Exactly the lines from the one with "4.右键单击Graphics" through the end of the data below must be set down, and no pictures with them.

Start of Data to process

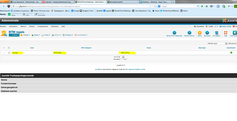 I upgraded (finaly) to Hikashop 2.2.3 (from 2.1.1). There were several things to adjust and many are solved, but there is one left. The tax is not showing on the checkout page. This wordked fine for years in Hikashop 2.1.1 (and before). I've tried everything, made a complete new taxcategory, zone, rate. It's just not showing up in the checkout. The productpage shows the price with tax, but once in the checkout the tax doesn't show anymore. (The url provided is a not used url for testingpurposes).
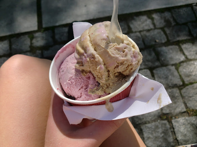 Vi spiste is; en selvfølge på en slik dag! To kuler på meg. Jeg hadde bare knær og frøs ikke det minste.
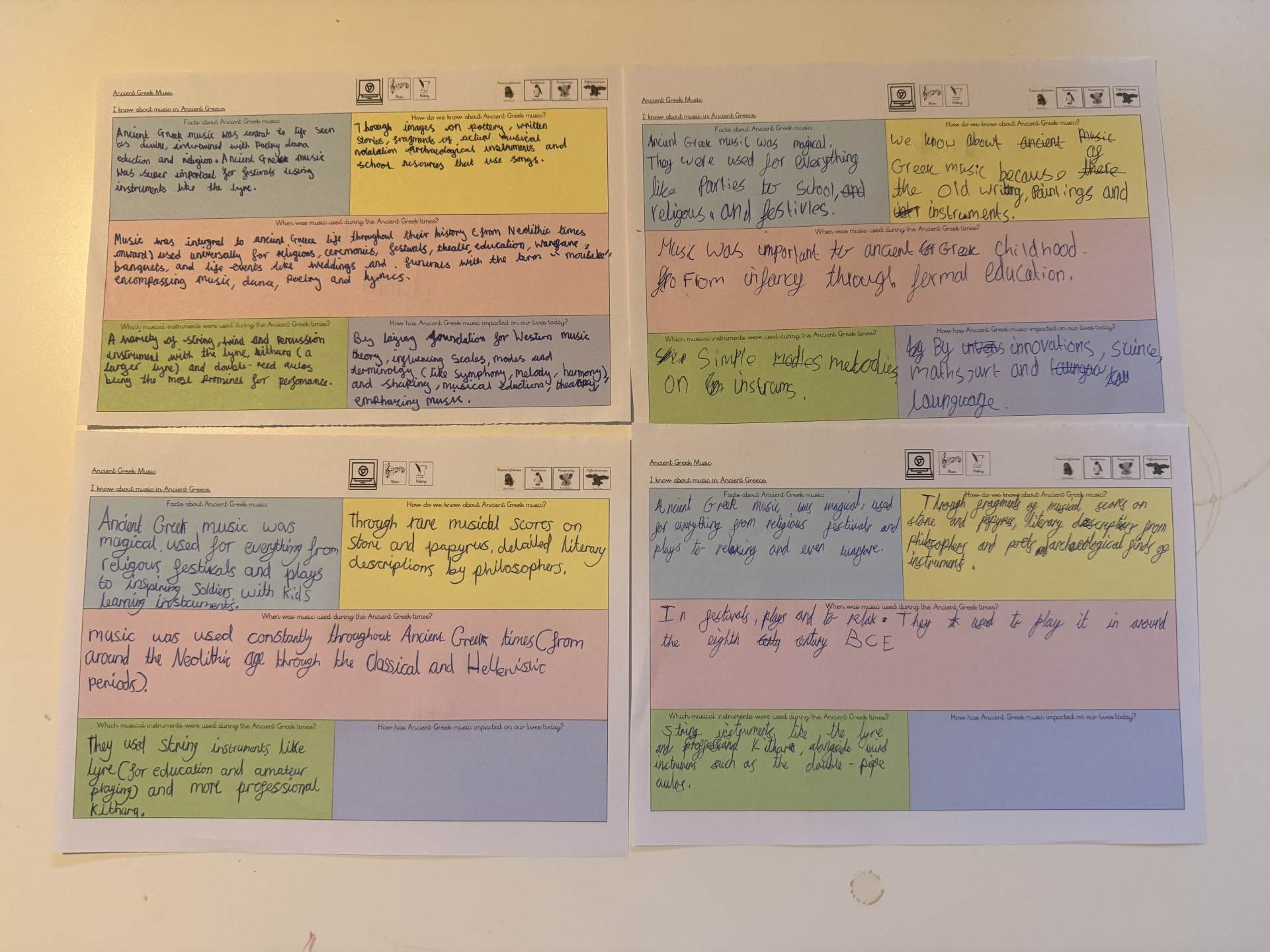 We started the half term by listening to what actual ancient Greek music may have sounded like! We also used the iPads to research music during the ancient Greek times.
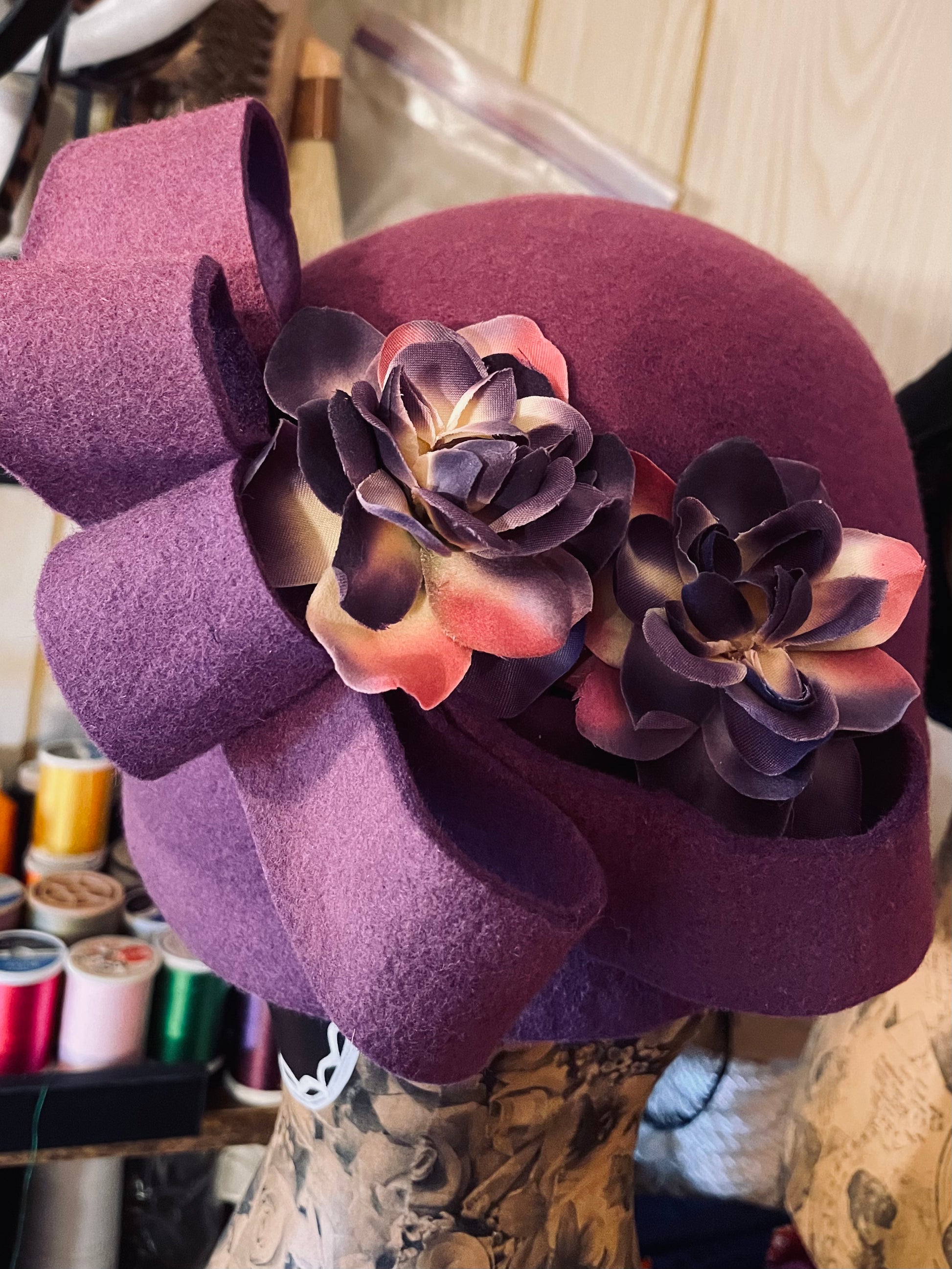 Crafted from high-quality purple wool felt, this elegant cloche hat features delicate purple rose accents and matching purple bows, creating a refined and timeless look. Its soft, structured design offers both comfort and style, making it a perfect accessory for sophisticated occasions or everyday wear with a touch of vintage charm.
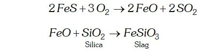 Thus, copper matte is heated in silica lined converter to remove FeS present in matte as slag.
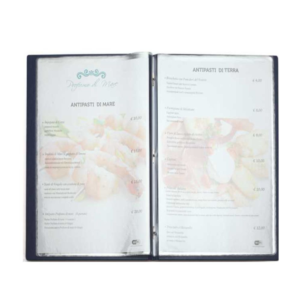 Porta menù in PU termovirante. Adatto per stampa a caldo. 8 buste bifacciali. Colori: nero, rosso, blu, bianco, marrone. Dimensioni cm. 16x26 Imballo: 20xcolore
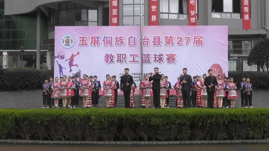 10月20日,全县第27届教职工篮球运动会在玉屏中等职业学校拉开序幕。来自全县教育系统的33支代表队共428名运动员、裁判员参加。
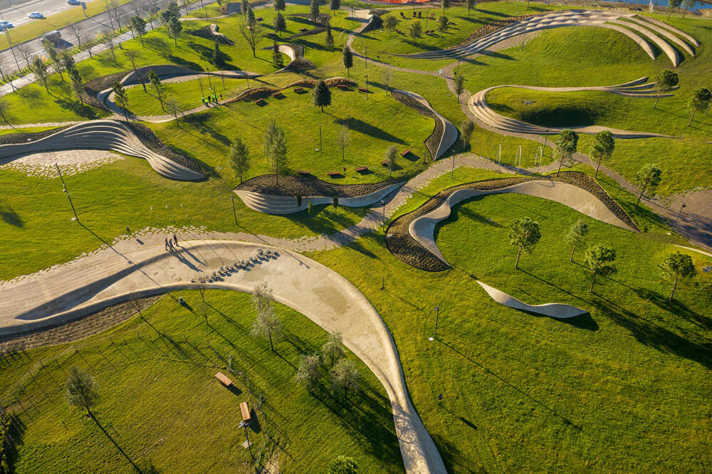 The area of the new city park covers a sizeable portion of the wider site and its design can thus serve as a prototype for further interventions. The new intervention offers a uniform and attractive appearance, and with its intensive hinterland greenery, it drowns the heterogeneity of the surrounding built structures. The fusing of the elements of a city beach and a contemporary city park encourages the area’s residents and visitors to use the space in different ways.
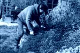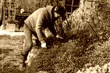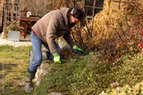 Older woman weeding garden bed during late autumn, seasonal garden maintenance before winter
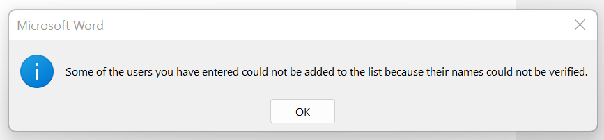 Based on your description, it seems that when you use the Restrict Editing function in Word and type the user name you got the error message.
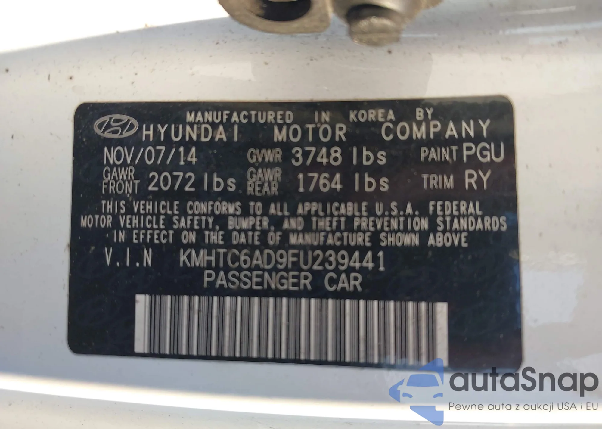 • VIN: KMHTC6AD9FU239441
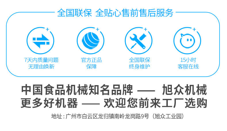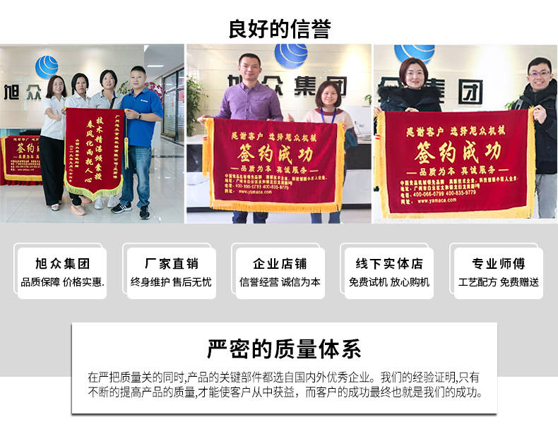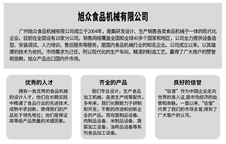 廣州旭眾食品機(jī)械有限公司是一家集科研開發(fā),生產(chǎn)設(shè)計(jì),營銷服務(wù)為一體的現(xiàn)代化生產(chǎn)企業(yè)。現(xiàn)代化生產(chǎn)車間,精湛制造技術(shù),所產(chǎn)機(jī)械歷經(jīng)市場重重考驗(yàn),不斷贏得海內(nèi)外客戶的贊譽(yù)。
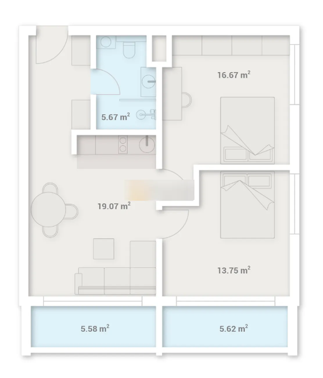 L'appartamento è stato progettato pensando a una vita familiare confortevole. Due camere da letto isolate offrono privacy per genitori e figli o per gli ospiti. Spaziose soggiornoLa cucina diventa il centro dell'intrattenimento familiare. Bagno separato - un plus importante per il comfort quotidiano. La particolarità di questo appartamento è due balconi separatiche può essere utilizzata come area per la colazione e come accogliente luogo di relax. Le finestre panoramiche riempiono gli interni di luce e la vista si apre sul verde o sul mare (a seconda della posizione). La tecnologia costruttiva a telaio monolitico garantisce resistenza sismica e durata nel tempo.
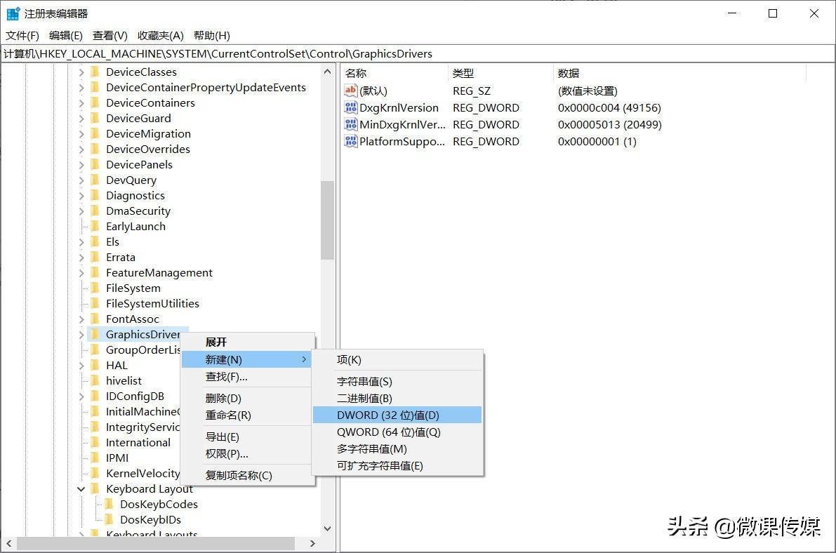 4.右键单击GraphicsDrivers键并选择新建>DWORD(32位)值或QWORD(64位)值,具体取决于你的系统架构。Windows 11只有64位。
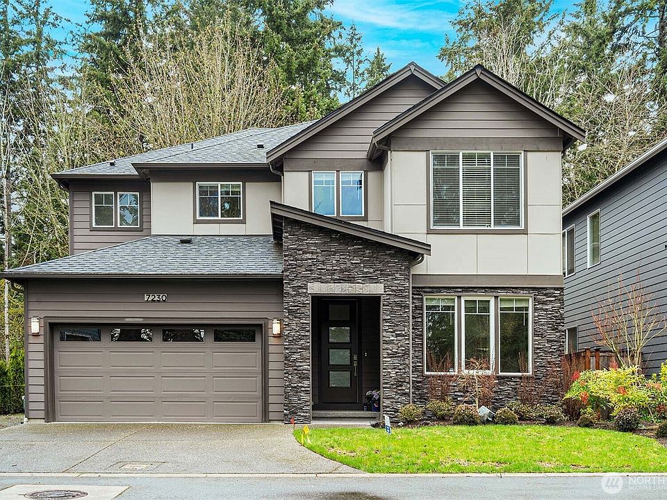 Stunning south-facing DR Horton home built in 2021, nestled in Kirkland’s tranquil Juanita neighborhood. This 4-bedroom, 2.5-bath residence sits on a huge nearly 1/4-acre lot and features an open layout with soaring 9-ft ceilings on both levels. A spacious main-floor office offers potential for a 5th bedroom. High-end finishes include hardwood floors, quartz countertops, stainless steel appliances, and a spa-inspired primary suite with a soaker tub. Equipped with a tankless water heater and A/C for year-round comfort. Enjoy a private backyard retreat on a quiet street with no HOA. Close to parks and scenic trails for endless outdoor recreation.
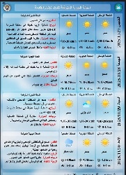 مؤكداً إن (طقس يوم غد الجمعة سيكون صحواً، مع فرصة لتصاعد غبار خفيف، ودرجات الحرارة تنخفض بضع درجات).

End of Data to process

§ Response to this task
 4.右键单击GraphicsDrivers键并选择新建>DWORD(32位)值或QWORD(64位)值,具体取决于你的系统架构。Windows 11只有64位。
 Stunning south-facing DR Horton home built in 2021, nestled in Kirkland’s tranquil Juanita neighborhood. This 4-bedroom, 2.5-bath residence sits on a huge nearly 1/4-acre lot and features an open layout with soaring 9-ft ceilings on both levels. A spacious main-floor office offers potential for a 5th bedroom. High-end finishes include hardwood floors, quartz countertops, stainless steel appliances, and a spa-inspired primary suite with a soaker tub. Equipped with a tankless water heater and A/C for year-round comfort. Enjoy a private backyard retreat on a quiet street with no HOA. Close to parks and scenic trails for endless outdoor recreation.
 مؤكداً إن (طقس يوم غد الجمعة سيكون صحواً، مع فرصة لتصاعد غبار خفيف، ودرجات الحرارة تنخفض بضع درجات).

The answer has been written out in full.